Reputation: 33
I read excel data as dataframe of pandas in which each row has two non-NaN values(others are all NaN)
names | Unnamed:1 | Unnamed:2 | Unnamed:3 | ~ | Unnamed:19 | Unnamed:20 |
---|---|---|---|---|---|---|
NaN | NaN | 1.3 | NaN | ~(NaN) | 10.4 | NaN |
NaN | NaN | NaN | 2.7 | ~(NaN) | NaN | 12.7 |
~ | ~ | ~ | ~ | ~ | ~ | ~ |
name_ccdd | NaN | 1.3 | NaN | ~(NaN) | 9.3 | NaN |
~ | ~ | ~ | ~ | ~ | ~ | ~ |
name_yyzz | 0.5 | NaN | NaN | ~4.7~ | NaN | NaN |
I'd like to find a specific row containing a word(e.g. "ccdd") and get non-NaN values (e.g. 1.3 and 9.3) in a general way
I made a boolin which contains showing which row index contains a word(e.g. "ccdd")
import pandas as pd
import numpy as np
filename= '~/data.xlsx'
df = pd.read_excel(filename, engine='openpyxl')
mask = df[df.columns[0]].str.contains('ccdd')
print(mask)
0 NaN
1 NaN
2 False
3 False
4 False
5 True
6 False
7 False
8 False
9 False
10 False
11 False
12 False
13 False
the 5th row contains data on what I want to get two float values. but I can't go further.

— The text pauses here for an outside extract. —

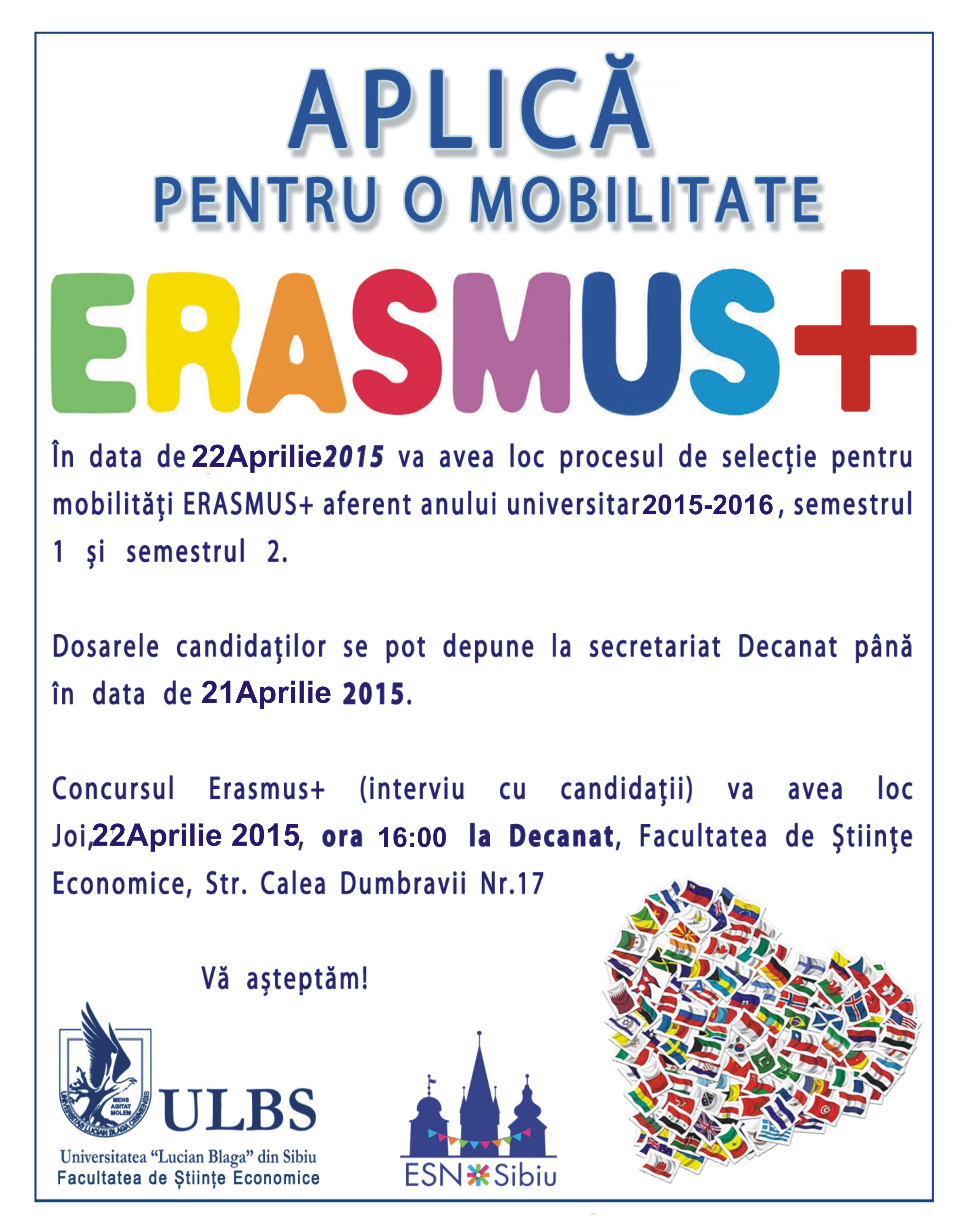 În data de 22 Aprilie 2015 va avea loc procesul de selecție pentru mobilități ERASMUS+ aferent anului universitar 2015-2016, semestrul 1 și semestrul 2.

In a previous article(Get row and column index of the value in Pandas df) I found a similar answer but I don't know how to utilize it.
Upvotes: 1
Views: 2114
Reputation: 1348
This will get you the proper row index:
mask=df['names'].str.contains('ccdd')
mask=mask.replace(np.nan, False, regex=True)
list(df.names.index[mask])
Output:
[3]
Upvotes: 1
Reputation: 24314
You can pass na parameter in str.contains()
so basically the na parameter set NaN values to True/False according to your input:
mask = df[df.columns[0]].str.contains('ccdd',na=False)
Now finally pass that mask to your df:
df[mask]
#OR
df.loc[mask]
Upvotes: 2
Reputation: 38
To select a row or group of rows fulfilling a condition, you can use this:
subSelection=df[df["names"].str.contains("ccdd")]
To print the rows, use can use print(subSelection)
and to print the indices of the selected rows, you can use print(list(subSelection.index))
Upvotes: 1